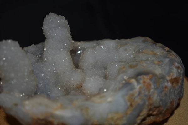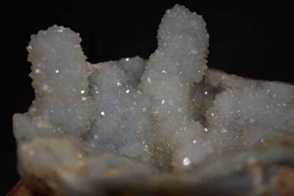 Magnifique géode de calcédoine présentant trois colonnes cristallisées, une formation recherchée et très esthétique que l’on retrouve uniquement sur certaines zones d’Inde.
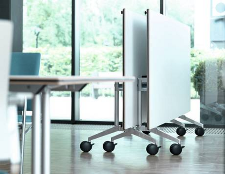 Following the success of Confair, Wilkhahn continued innovating conference solutions with the utilization of space and optimizing of communication with the Timetable series. Timetable’s mechanism is designed so that the top can be folded on its horizontal axis. This allows space to be saved whenever the tables are not in use and extremely easy rearranging of configurations when needed.
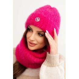 Dámská souprava čepice a šály zimní nadýchaná s ozdobným emblémem fuchsie
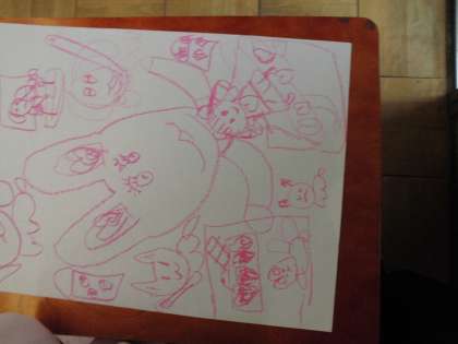 大きく絵をかいて,上手にクレヨンパスをつかっています。

(Your instructions)
With pictures omitted, copy exactly the lines from the one containing "Dámská souprava čepice" through the final line of the listing, both included.

(Task answer)
 Dámská souprava čepice a šály zimní nadýchaná s ozdobným emblémem fuchsie
 大きく絵をかいて,上手にクレヨンパスをつかっています。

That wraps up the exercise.